Безупречный злодей для госпожи попаданки (страница 5)

Страница 5

«Словно зачарованные озера в горах Гримлеи», – добавляю про себя, вспомнив, как наклонился над лежащей в телеге чудовищно грязной полумертвой девочкой, и вдруг она распахнула свои глазищи. Уставилась на меня в упор, ничуть не испугавшись нависшей над ней зловещей фигуры в темно-сером плаще. Прошептала: «Прощай, инквизитор», – снова опустила длинные ресницы и уплыла в свою дрему…

– На связь выходи при первой необходимости. И запомни, никто не должен знать, что в девушке заинтересована инквизиция, – добавляю жестко.

Отпустив агента, встаю и прохаживаюсь по кабинету – устал сидеть. С самого утра разбираю документы и читаю донесения. Неспокойно в королевстве. Тяжко подданным под ненавистной дланью короля Цварга Вечного. «Бесконечного Цварга», как его прозвали в народе.
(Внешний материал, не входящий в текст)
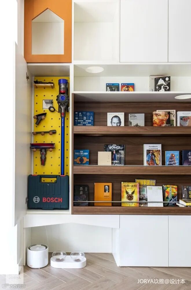 高柜用于工具的收纳,切记前期预留电源。洞洞板由理工男业主自己安装,为他的动手能力打call。对啦,戴森吸尘器乃是消灭猫毛第一利器。
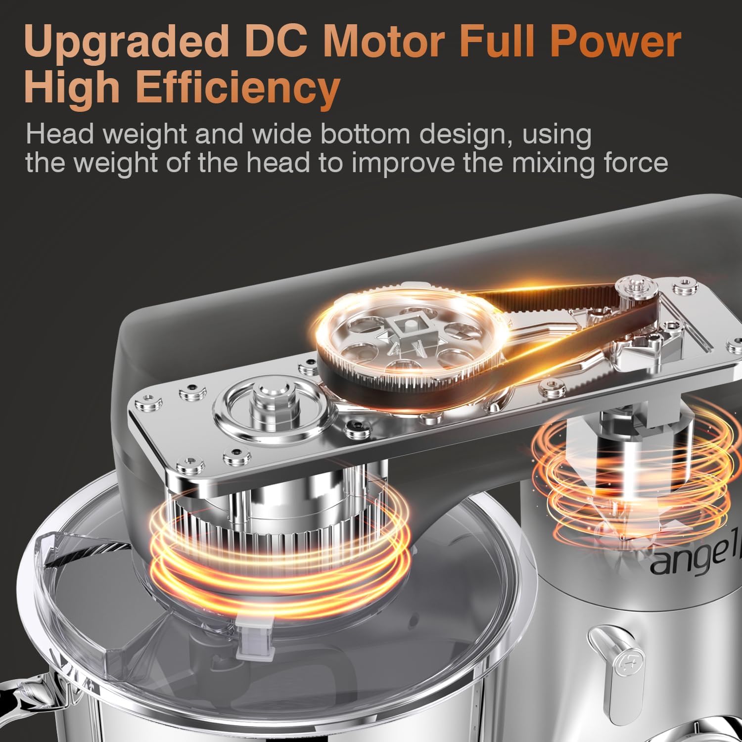 - ăUpgrated DC Motor System ăMini Angel stand mixers adopt all metal gear structure, with closed gearbox, effectively reduce the sound, speed running stable without stalling with can long service life. And the planetary mixing system which functions more touch points per rotation during mixing process, so that all the mix is stirred at a full extent.
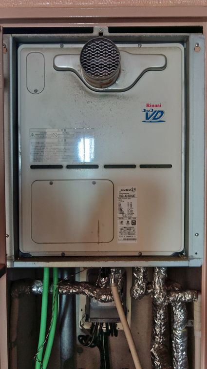 以前のリンナイ製の給湯器 RVD-A2400SAT から、現行のリンナイ製の給湯器 RVD-A2400SAT(B) への取替でした。
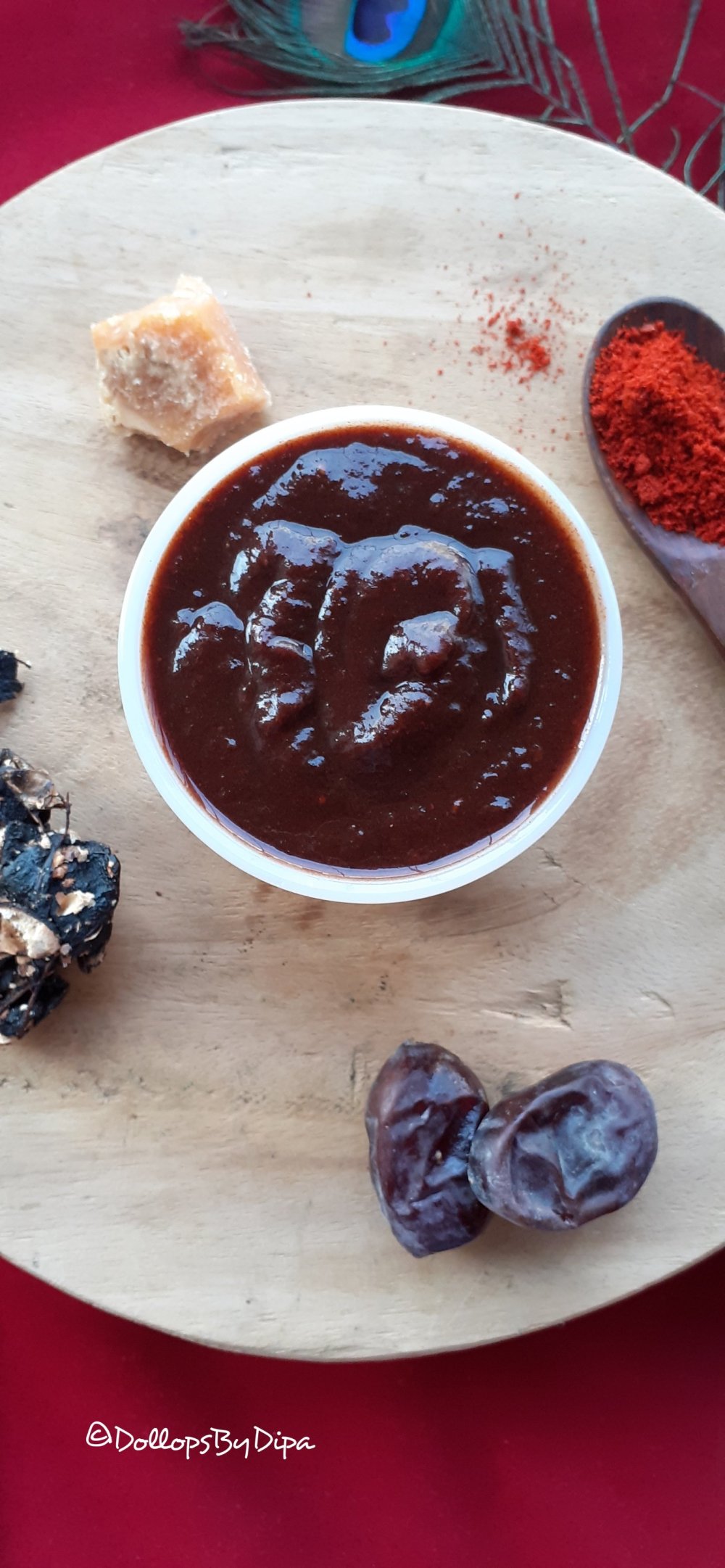This is very important & basic condiment in any Chaat Recipes. Actually we can’t imagine any chaat dishes without this sweet & sour chutney. The key ingredients of this chutney are iron rich dates & jaggery & tangy tamarind.

То там, то здесь вспыхивают очаги мятежей, с которыми приходится разбираться. Главное, не дать им разрастись, и не дать узнать о них безумцу на золотом троне. Иначе уже всем привычная королевская тирания мгновенно превратится в кровавый террор, во главе которой будет стоять Великая инквизиция…

Я прошелся вдоль шкафов, забитых папками в тяжелых кожаных переплетах – личными делами заговорщиков и мятежников, скопившимися у меня за долгие годы. Сколько их? Десятки, сотни… Много, очень много, а будет еще больше, если… Стук в дверь обрывает мои мысли.
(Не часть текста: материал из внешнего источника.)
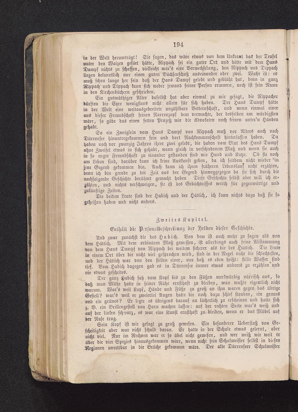 Der ganz Habich sah vom Kopf bis zu den Füßen merkwürdig närrisch aus, sobaß man Mühe hatte in seiner Nahe ernsthaft zu bleiben, man wußte eigentlich nichtwarum. War's weil Kopf, Hände und Füße zu groß an ihm waren gegen das übrigeGestell? war's weil er zweierlei Augen hatte die noch dazn schief standen, ein grauesund ein grünes? Er legte es übrigens darauf an lächerlich zu erscheinen und hatte sichz. B. ein Brillengestell von Horn machen lassen: auf der rechten Seite war's weiß undauf der linken schwarz, es war eine Kunst ernsthaft zu bleiben, wenn er das Möbel ausder Nase trug.
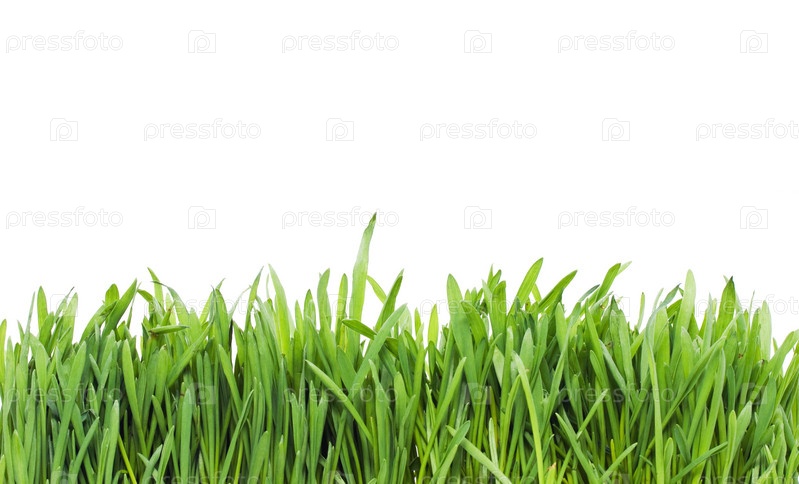 Зеленая трава на белом фоне
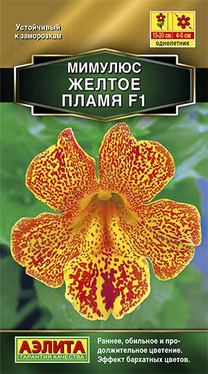 Гетерозисный гибрид мимулюса от компании Floranova (Англия). Ценится за компактность кустика, крупный размер цветка (4 см) и короткий период от посева до бутонизации (5-6 недель). Растения высотой 20-25 см обильно цветут двумя волнами, первая волна – в июне-июле. В середине лета кусты обрезают. Отрастающие молодые побеги обеспечивают вторую волну цветения, обильнее и продолжительнее первой, благодаря устойчивости гибридов к заморозкам до -4°С. Мимулюсы используют для оформления затененных цветников, балконных контейнеров. Гибриды можно сохранить до следующего сезона. Для этого осенью растения пересаживают в горшки и переносят для зимовки на прохладный, светлый подоконник.
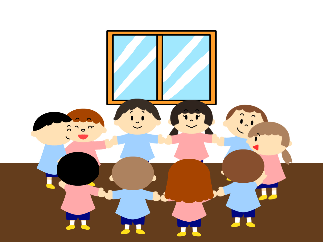 - グループ毎に円になって向かい合い、しゃがんでぶつからない距離感を保ちましょう。
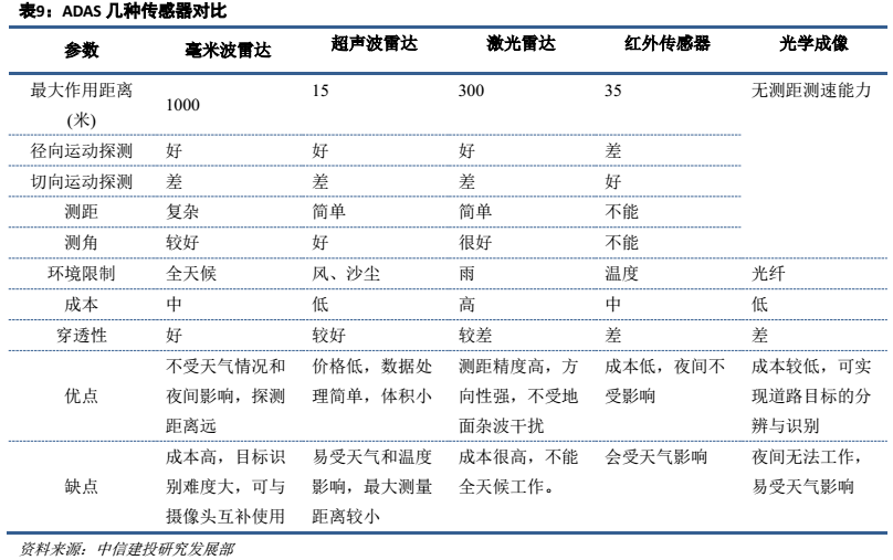ADAS 用到的主要传感器包括摄像头、雷达等,其中雷达包括毫米波雷达和激光雷达两大类。毫米波雷达分为远距离雷达(LRR)和近距离雷达(SRR),由于毫米波在大气中衰减弱,所以可以探测感知到更远的距离,其中远距离雷达可以实现超过200m的感知与探测。毫米波雷达的多项优势,使其目前在汽车防撞传感器中占比较大,根据 IHS的数据,毫米波/微波雷达+摄像头在汽车防撞传感器中占比达到了70%。同超声波雷达相比,毫米波雷达具有体积小、质量轻和空间分辨率高的特点。与红外、激光、摄像头等光学传感器相比,毫米波雷达穿透雾、烟、灰尘的能力强,具有全天候全天时的特点。另外,毫米波雷达的抗干扰能力也优于其他车载传感器。
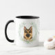"LOVE MY GERMAN SHEPHERD DOG" declares this mug for the German Shepherd Dog owner. Each side of the mug has a watercolor portrait of a beautiful GSD framed by soft green watercolor eucalyptus leaves. Between the two images is the text, which may be easily customized, or even removed by you, and your monogram or name.
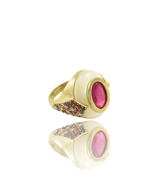 A rose cut Ruby is at the centre of this cocktail ring set in 18k Yellow Gold. A fluted shoulder of multicoloured Sapphires and White Diamonds glide over a Mother of Pearl oval to frame the Ruby.

– Мой лорд, новое письмо из канцелярии императора Шелая.

На пороге вырастает мой помощник. Его лицо не закрыто маской – он не инквизитор, просто служащий. Глаза юнца горят восторгом и желанием быть полезным королю и лично мне. Мне, второму лицу королевства, тенью стоящему за плечом Цварга Вечного, его преданному рабу и цепному псу, Главному королевскому инквизитору.
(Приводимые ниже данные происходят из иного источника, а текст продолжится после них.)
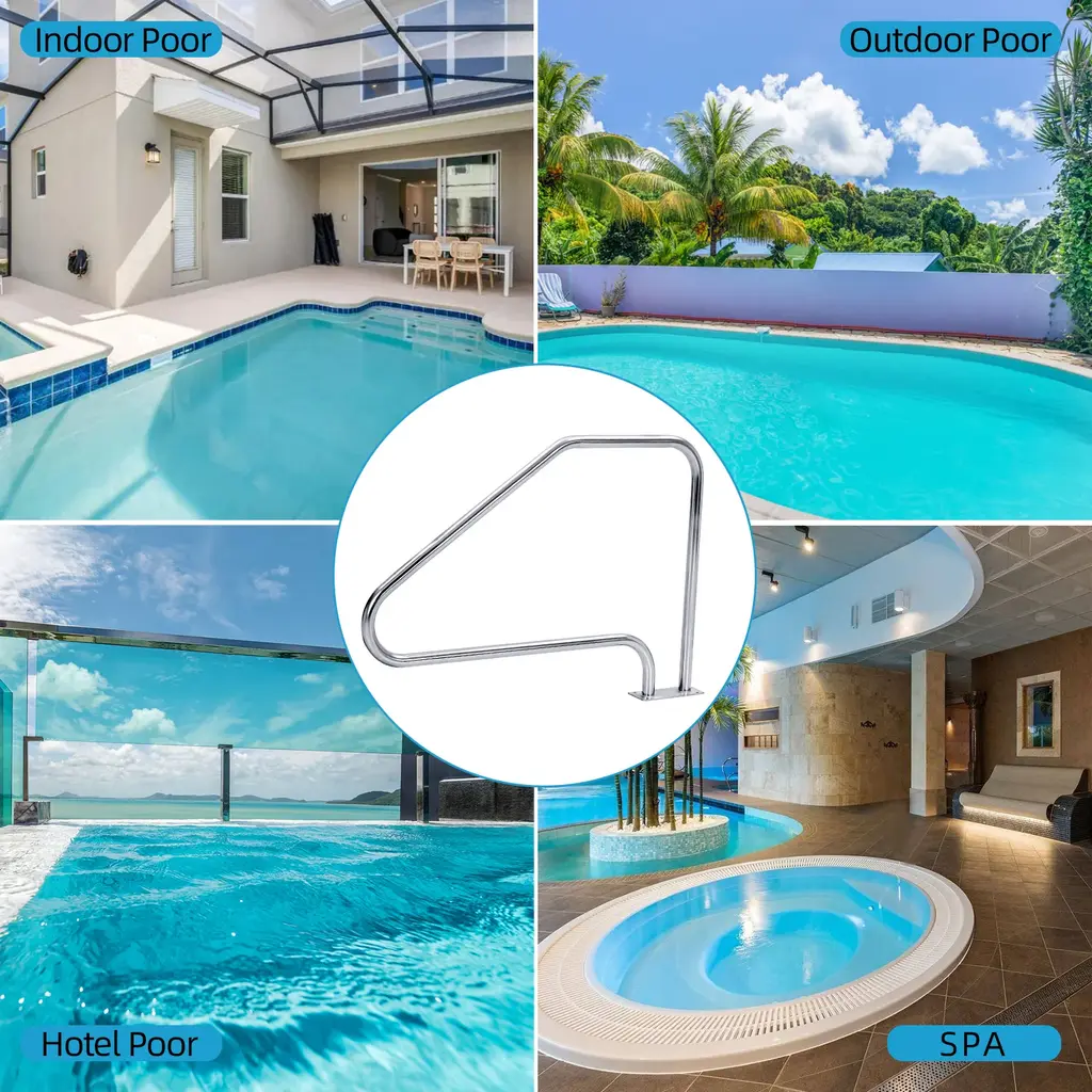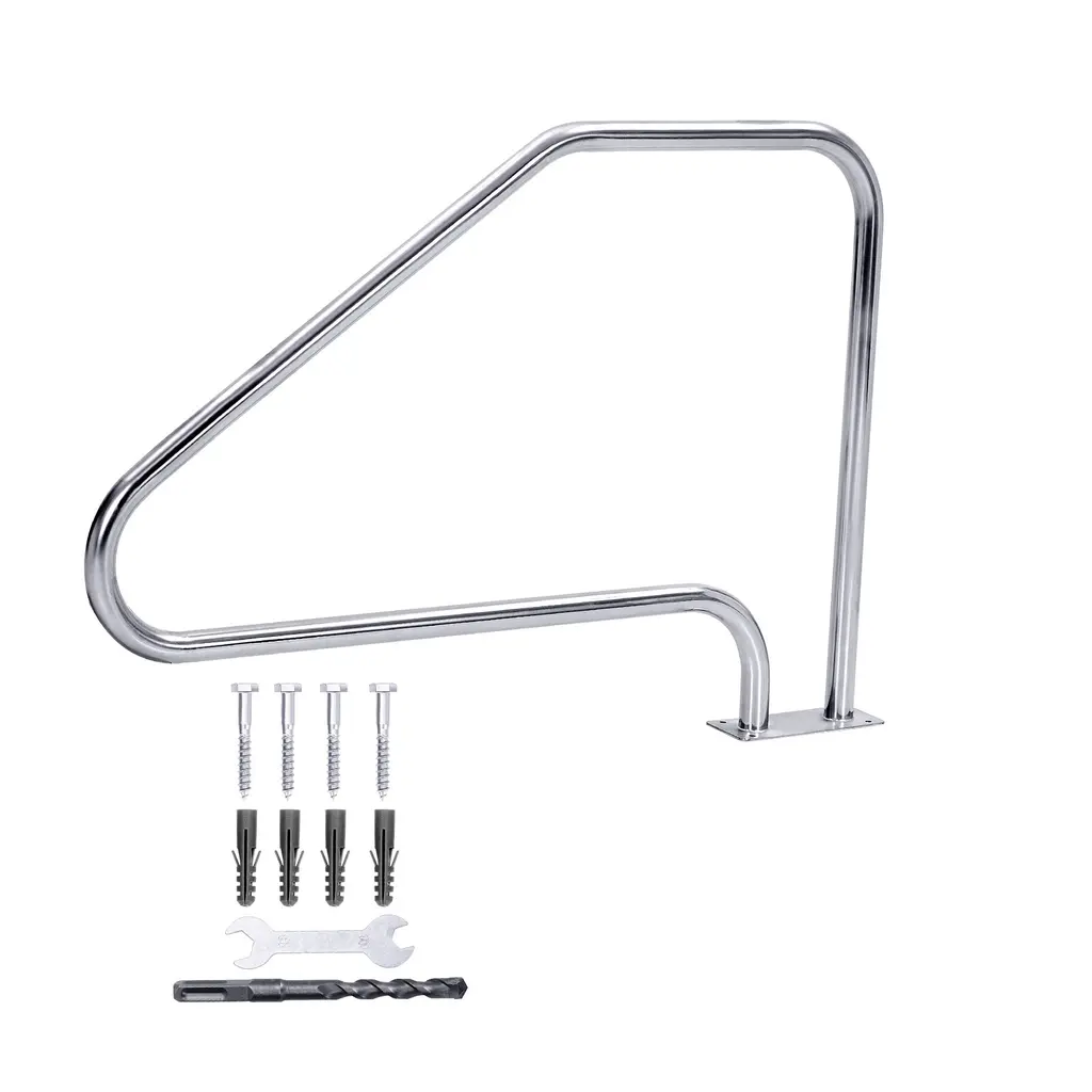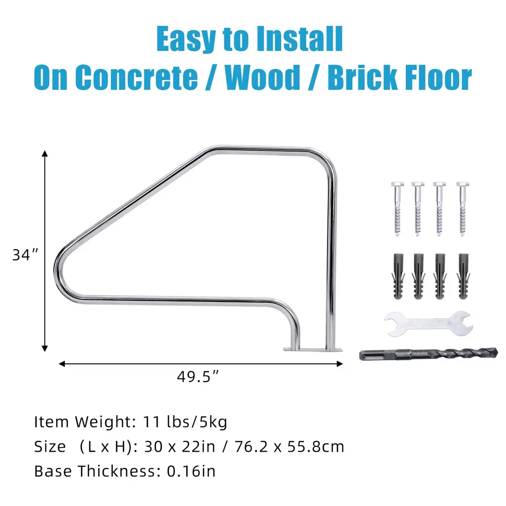 High-Quality Stainless Steel - Made with 304 stainless steel, this swimming pool handrail is rust-resistant, wear-resistant, and won't deform over time, ensuring it maintains its original quality for a long time. It can be used both indoors and outdoors in any region. The standard diameter size of the pool handrail is ergonomically designed for a firm and comfortable grip.Wide and Stable Base - The redesigned base plate provides greater stability, and the firm welding between the handrail and the main body ensures it can withstand up to 380 pounds, making it trustworthy for both children and the elderly.Easy to Install - The pool handrail has a base plate that can be installed on concrete floors, wood floors, or brick floors. It stands firmly. It is effortless to assemble by one person in a few minutes. Firstly, you should measure the distance from the tile on the inside of the pool as needed, then mark and drill the four pre-drilled holes; use the included screws and anchors to tighten.Handle Cover - Equipped with a removable, non-slip nylon handle cover that prevents the metal handrail from getting too hot to touch on hot days. We use heat-shrinkable form to add a protective cover to the handrail. You can also cut it to replace other covers if you need to replace it.Versatile Use - Size: 34" x 49.5", This pool railing is suitable for small residential or hotel pools, as well as hot springs. It effectively helps people leaving the pool from slipping and falling.

Отпустив помощника, разворачиваю письмо. Снова задумчиво хожу по кабинету и, остановившись у стола, где лежит первое императорское послание, усмехаюсь:

– Что же ты такое, девочка Федерика? Простая служанка принцессы Маури, за возвращение которой Шелай предлагает такую же награду, как за свою дочь…

***

Лена-Федерика

Женский голос визжит, противно бьет по ушам, не давая досмотреть сон, потом начинает рыдать.

– Господин, я ничего не знаю! Она встала, а потом упала и ударилась головой. Я не виновата, что она такая дохлая!

– Убрать ее, – голос Али спокоен, но женщина начинает вопить совсем уж истошно.

– Господин, сжалься. Я ни при чем!

Постепенно вопли удаляются, и в наступившей тишине Али размеренно произносит:

– Федерика, открывай глаза.

 Шаги и движение возле моей головы. На лоб ложится жесткая ладонь.

– Ты отлично притворяешься спящей, Федерика. Полезное умение, но со мной оно бессмысленно.

Открываю глаза, морщась от слишком яркого света. Надо мной лицо Али. Между бровей хмурая складка, в глазах мелькает злость. На меня? Или на ту, что толкнула меня? Интересно, сколько я провела без сознания?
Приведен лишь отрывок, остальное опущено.